Publication: Monitor Volume: 7 Issue: 31
The possibility of ending the direct election of the heads of Russia’s regions is back on the agenda. Vitaly Lednik, who represents the pro-Kremlin Unity party in the State Duma, has drafted a legislative amendment which would give the Russian president the power to appoint regional governors. Nowhere in the constitution, Lednik points out, does it say that governors must stand for election. When governors are elected by popular vote, he argues, they lose their links with the center. Besides, he adds, in what looks suspiciously like a Freudian slip, elections have never been a Russian tradition. “The Tsar,” Lednik has pointed out, “appointed governors-general” (Segodnya, February 9).
Lednik’s comment conforms to the logic of the power struggle underway since last year between President Vladimir Putin and Russia’s self-willed governors. The first stage of this struggle–the series of gubernatorial elections late last year, when many of the incumbents were to have been replaced by pro-Kremlin candidates–did not give a decisive victory to either side. Since then, the president was forced both to retreat and to sanction the lifting of term limits. Now republic presidents and even oblast governors will be able to run for election to a third or even a fourth consecutive term.

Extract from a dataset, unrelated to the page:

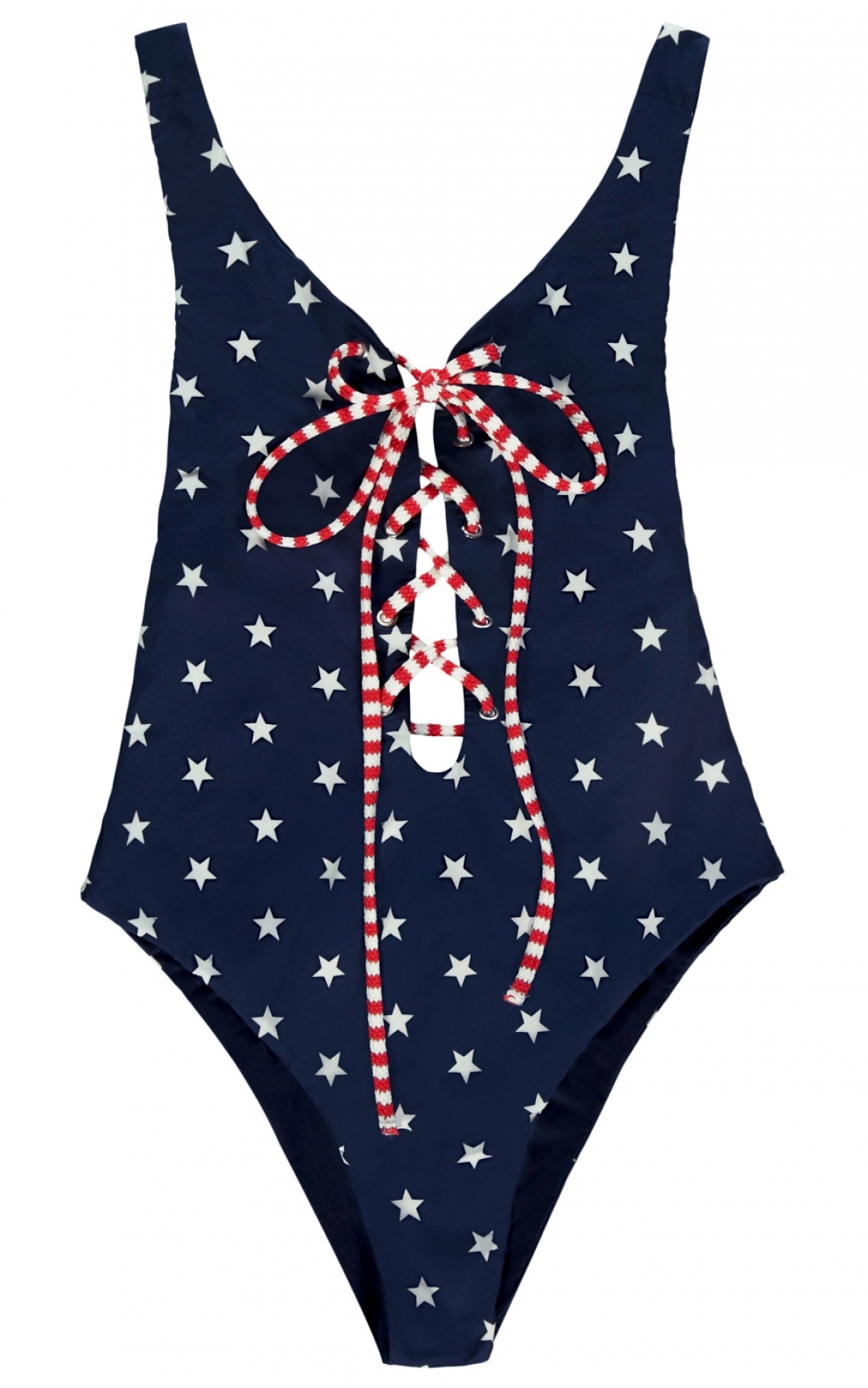 Коллекция купальников Тezenis отправляет в кругосветку без виз: рюши и кружева переносят в Севилью, пальмовые листья — на Гавайи, деликатные хризантемы — в Японию, но мы особенно рады звездно-полосатой модели как будто прямиком из клипов Ланы Дель Рей про непростую жизнь на побережье Калифорнии. (ТРЦ «Галерея»)

The idea of giving Putin Tsar-like powers is therefore timely. But the majority of Russia’s governors have absolutely no intention of allowing their posts to become appointed ones. Just before Lednik made his comments, Konstantin Titov, the influential governor of Samara, spoke out against the idea of appointing regional heads. In a democratic society, Titov declared, such a policy would be a step backward. Titov said governors should be elected in order to avoid a “weak shoulder of the strict vertical” (Volzhskaya Kommuna [Samara], February 6). Lednik’s legislative initiative will certainly face opposition when it comes to the upper house of the Russian parliament, and he and his fellow Unity will have to work hard to gather enough votes if the Duma is to overcome the inevitable veto of the Federation Council.
At the same time, it appears that the governors are increasingly unhappy about their war with the center, and might prefer to reach an agreement. Because the center would also like to cut a deal, the conditions for a “peace agreement” may be taking shape. Late last month, Saratov Governor Dmitry Ayatskov called for the dropping of term limits on the Russian president (Russian agencies, January 29). On the heels of Ayatskov’s demarche, Sergei Sobyanin, who was recently elected head of Tyumen Oblast with Kremlin support, called for the presidential term to be lengthened from four to seven years (Polit.ru, February 7). This may prove to be the price the governors have to pay to be left in peace.
REVOLT IN SARATOV OBLAST.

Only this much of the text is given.